Pricing is also an important consideration, and the pricing models of Web content-filtering products vary widely. In general, you can expect to pay either a per-user fee or a flat fee for multiple users. In addition, some companies charge annual fees for licensing, support, and updates. For example, a four-server license for NetIQ's Web Marshall Enterprise Edition costs $2000 plus $750 for 100 users. St. Bernard Software's iPrism network appliance includes a 250-workstation license and 1-year subscription for $5490. You can install Secure Computing's SmartFilter on an existing appliance, firewall, or proxy server for $25 or less per user.
Before you purchase a product, evaluate its reporting capabilities, which can be an important feature if you become embroiled in a legal dispute with an employee. Also, consider the ease with which a product's configuration tools let you restrict content or make it accessible. Many products have Web interfaces that let you remotely manage content filtering. Evaluate the administration system's built-in security—does the product securely store passwords, support encryption, and maintain logs of policy changes?

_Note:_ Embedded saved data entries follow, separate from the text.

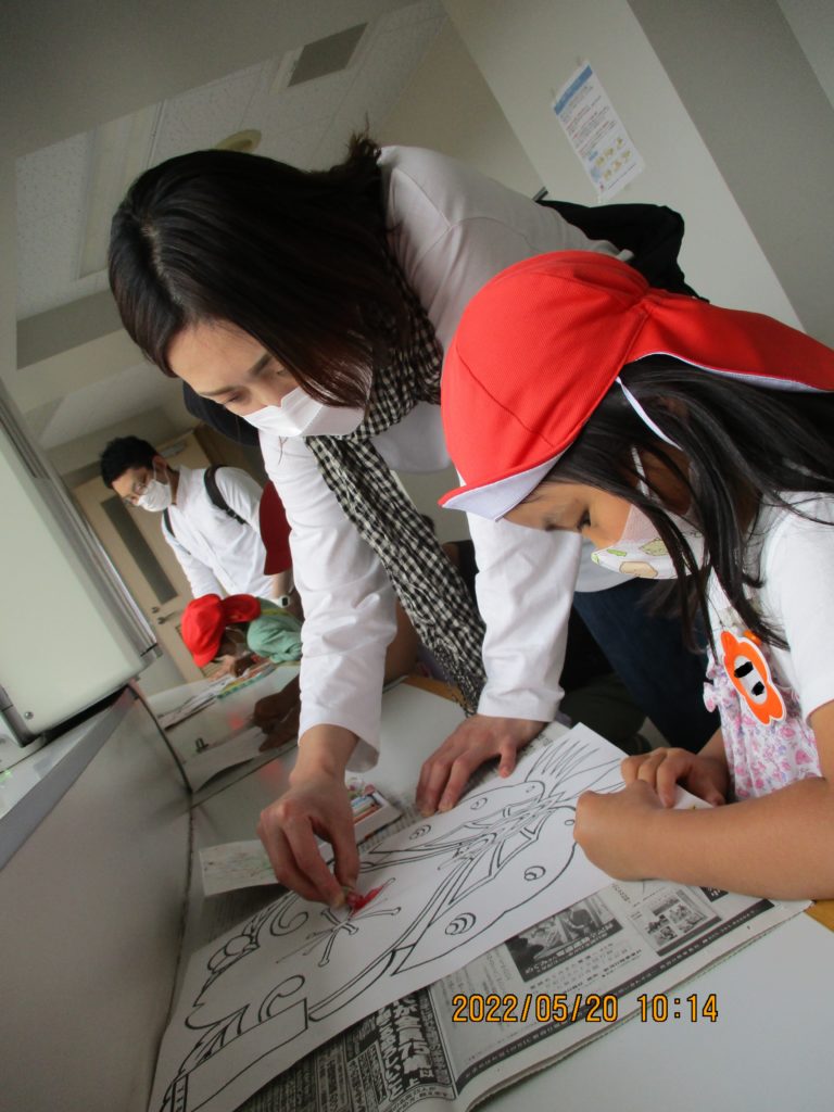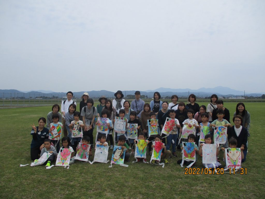 続いては、凧の組み立て♪お家の方々に頑張っていただき、立派な凧が完成しました✨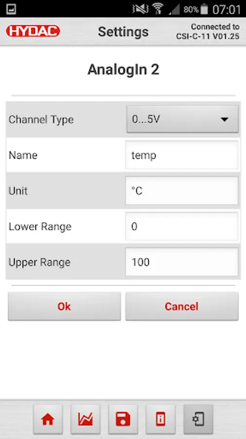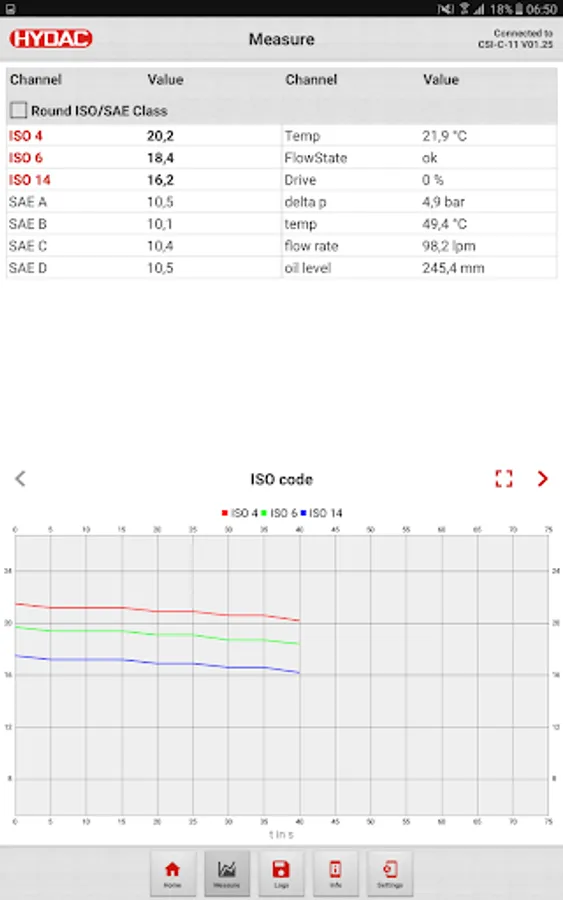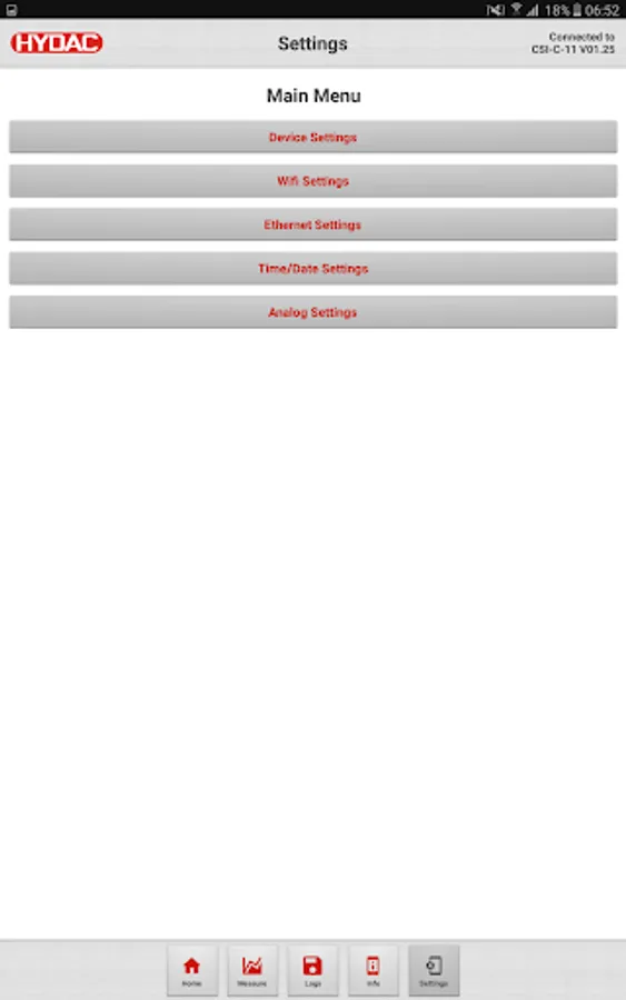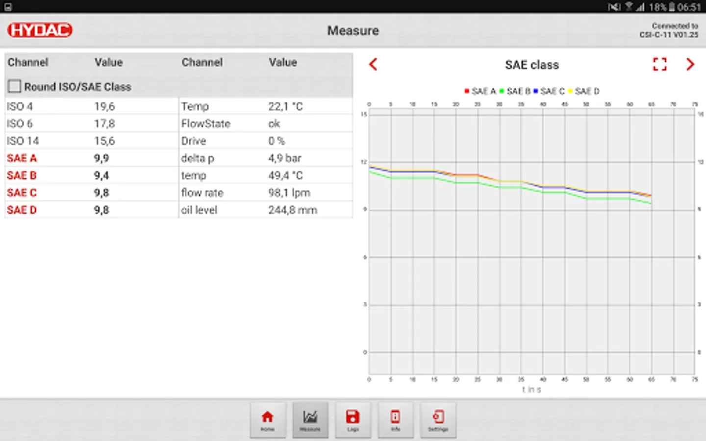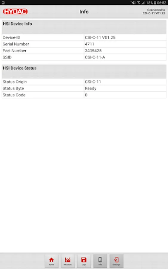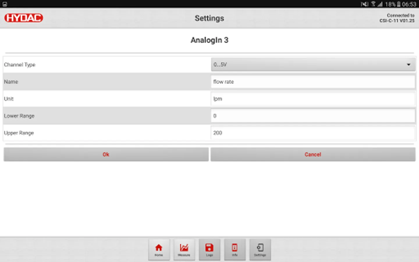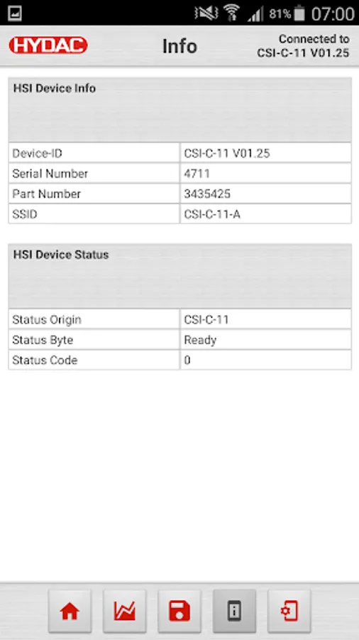 On the HYDAC side, currently the products FCU 1000, SMU 1200 and CSI-C-11 (e.g. as an extension to CSM) are supported by FluMoS, whereby the CSI-C-11 can also be parameterized via the app (e.g. Wi-Fi settings, parameters of connected sensors).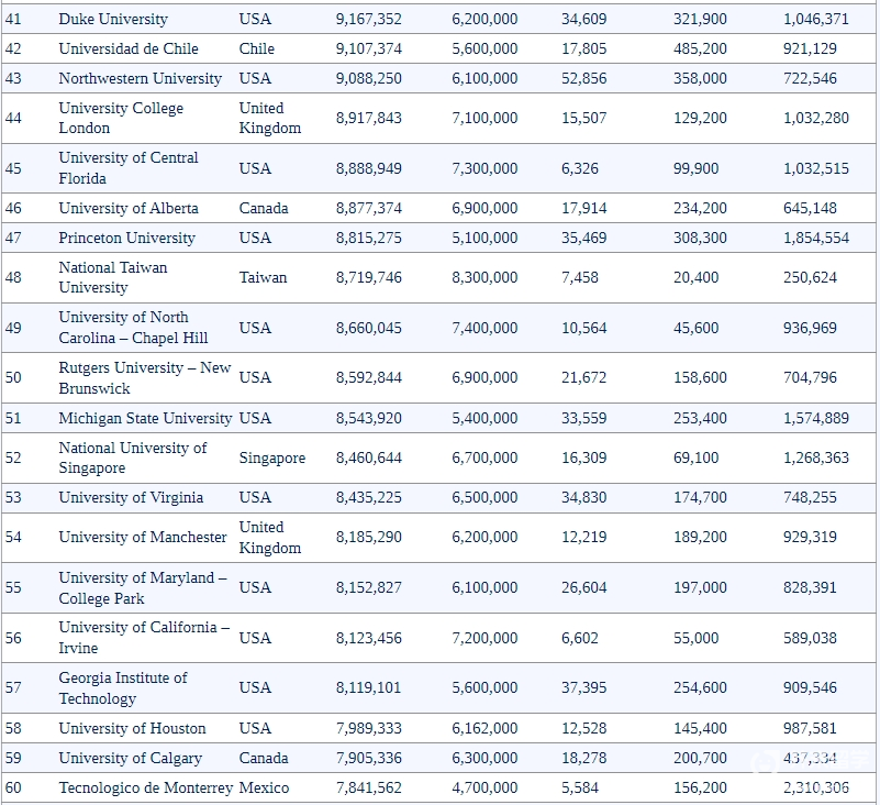 在搜索引擎(主要是谷歌)上搜索某所大学的次数。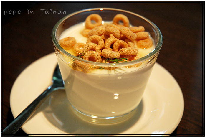 ●甜點選的是穀乾優格(?),自製優格上方放了不少微甜的玉米脆片,優格是帶點酸的,脆片是甜的,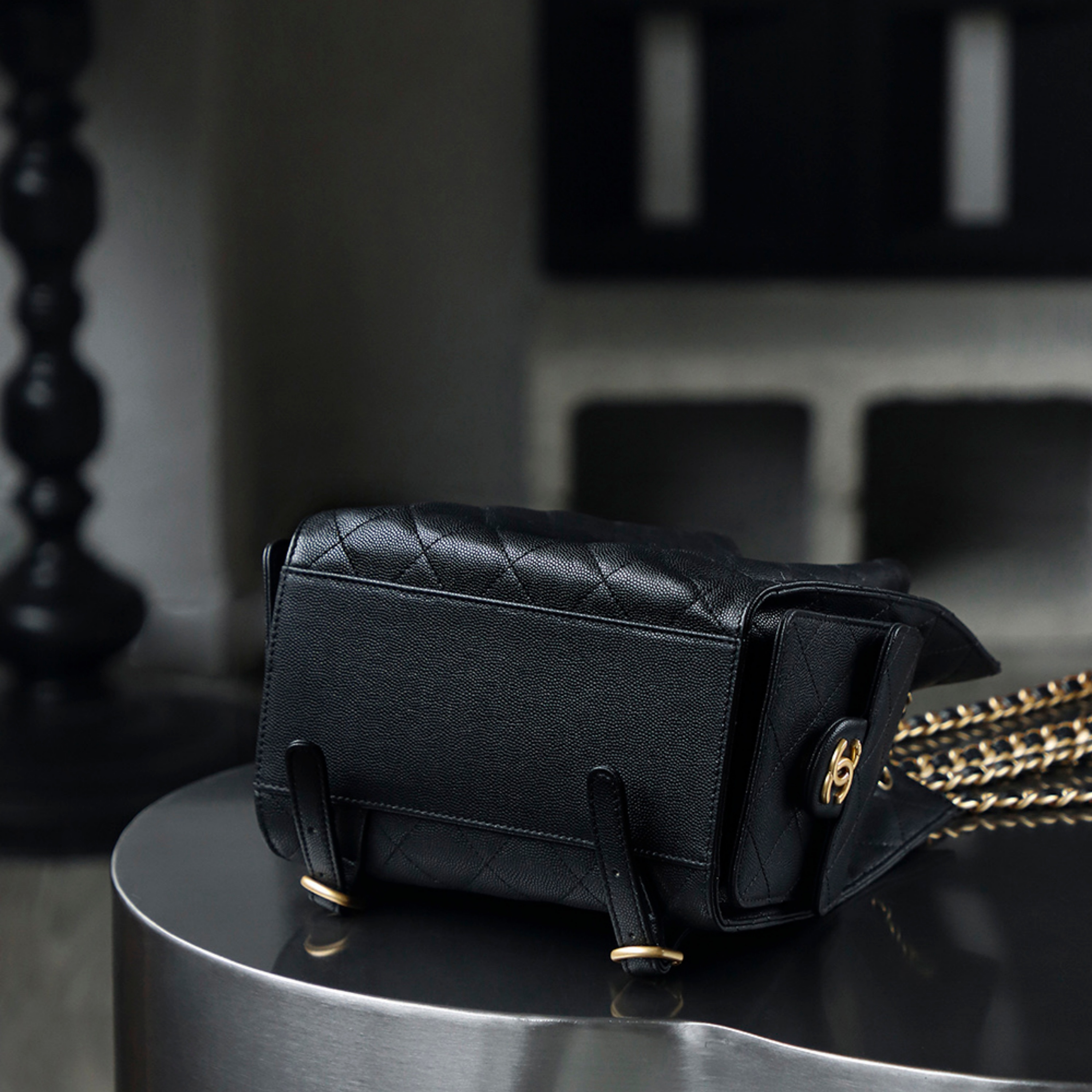 Design Features: Dual adjustable leather straps, magnetic flap closure, iconic quilted stitching, and a structured yet lightweight build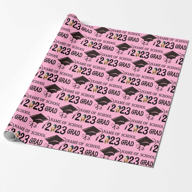 Personalized Photo Wrapping Paper for Graduation, Custom 2023 Grad Cap with Face Pink Wrap Paper Roll for Boys Girls Baby Shower Customized Birthday Graduation Gift for Daughter 58x23 Inch 2 Rolls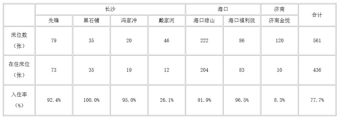 普親現(xiàn)已投入運營的機構(gòu)7家,分別為長沙4家、�?�2家、濟南1家,合計床位數(shù)561張。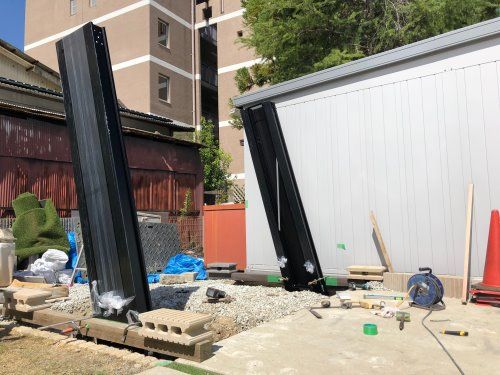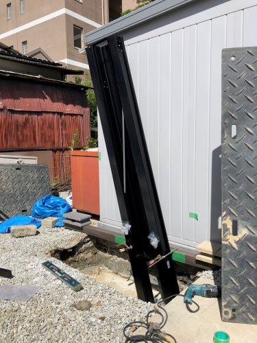 後方柱の仮設置が完了しました
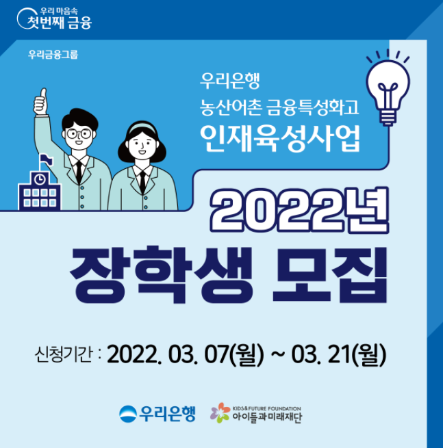 이번 사업은 미래세대 육성을 위한 사회공헌 사업의 일환으로 비교적 취업 및 진로 교육의 기회가 적은 농산어촌 소재 금융특성화고 학생들의 경쟁력 강화를 돕고자 기획됐다. 우리은행은 사회복지법인 ‘아이들과미래재단’과 함께 선발 학생들의 금융권 취업과 진학 역량 강화를 위한 금융 자격증 취득 비용을 지원한다.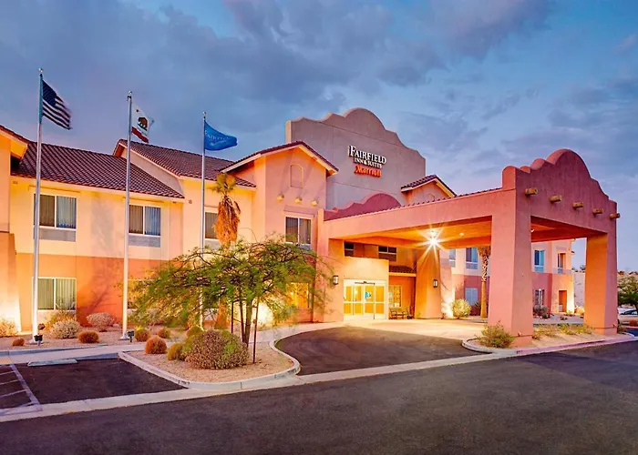 Fairfield Inn & Suites Twentynine Palms - Joshua Tree National Park is a 3-star all-suite hotel with an 8.2/10 rating. The hotel features an outdoor pool, fitness center, and a 24-hour market. Business travelers will find a meeting room and a 24-hour business center on-site.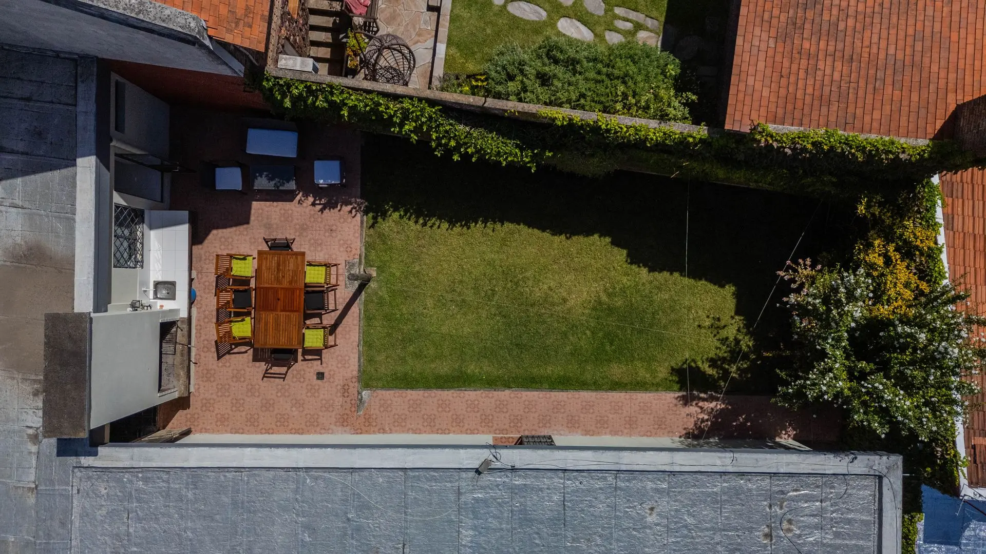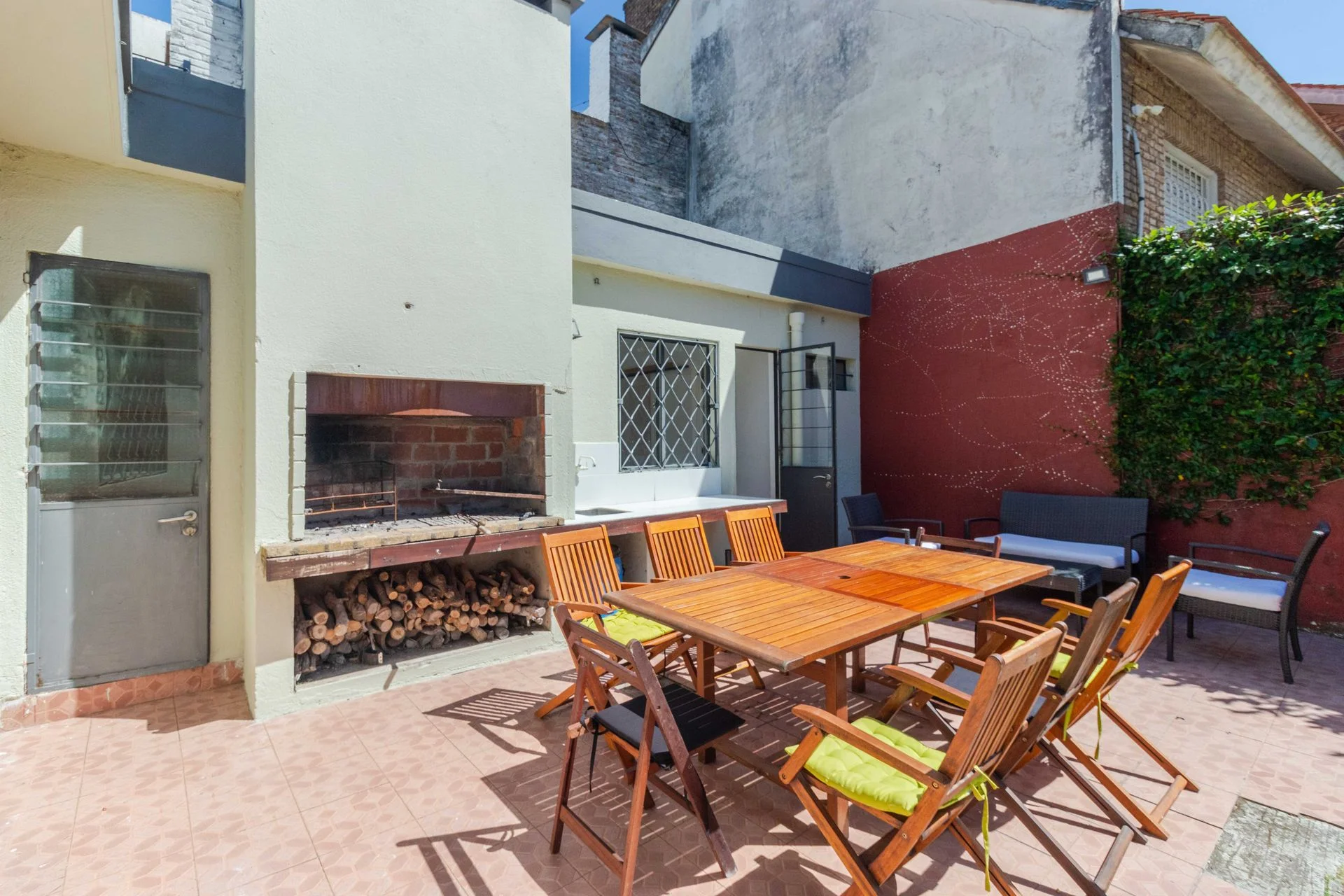 En el exterior se destaca un fondo verde con barbacoa y baño completo, ideal para reuniones y disfrute familiar.

The most effective systems know which Web sites are objectionable or block restricted sites according to company-specified policies. Web content-filtering vendors often use marketing terms such as artificial content recognition, artificial intelligence (AI), and coaching to describe how their content-blocking engines work. Cut through the marketing buzz by comparing the methods products use to make requests with continuously updated blocked-URL lists—databases that you don't have to manually maintain. Accurate lists and the ability to correctly classify URLs are paramount for an effective Web content-filtering system. Look at factors such as the frequency of updates, the database size, and the intelligence of the blocking engine. To facilitate these important tasks, some vendors maintain a support staff that categorizes and ranks database entries.